A Daily Caller investigation has found that (unsurprisingly, given what’s happened) the Obama administration and LightSquared are as thick as thieves. A few highlights:
- “Before Barack Obama became president, he was personally an investor in SkyTerra [which became LightSquared].”
- “[White House personnel director Don] Gips’ personal financial disclosure forms show he had between $250,000 and $500,000 of his personal finances invested in SkyTerra via stock options.”
- “It’s unclear what specifically Gips and [incoming FCC director Julius] Genachowski were discussing at that White House meeting; but shortly after that meeting SkyTerra named two members of Obama’s White House transition team to senior leadership positions at the company.”
- “Not too long after those Obama-tied hires, lawyers for Falcone’s Harbinger fired off an email that may suggest FCC coordination to approve the sale of SkyTerra to Harbinger outside of what is procedurally acceptable. . . Harbinger’s lawyers seemed to know a month ahead of time that the FCC would approve their proposal.”

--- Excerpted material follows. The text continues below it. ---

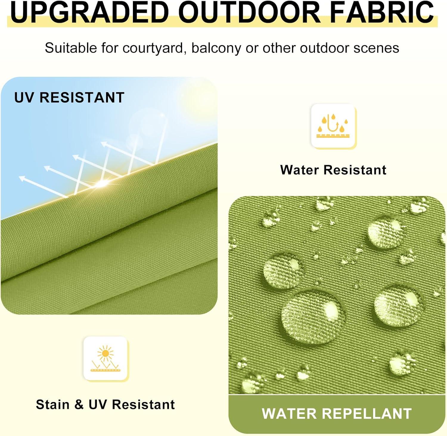 Premium Fabric: Outdoor cushions are made of polyester fabric which is water, stain and UV resistant. The fabric can withstand daily wear and tear, but it is recommended to bring them indoors when raining to preserve lifespan and maintain appearance

The Daily Caller also found that the FCC drove LightSquared’s competition GlobalStar out of business with adverse regulatory decisions. Worse, those adverse decisions came in circumstances nearly identical to ones in which LightSquared received favorable decisions.
POSTSCRIPT: Testimony to the House Subcommittee on Aviation explains why LightSquared’s network would be so damaging to the GPS system. Of particular interest is page 4, which explains why GPS receivers can’t simply filter out interference. (Via Instapundit.)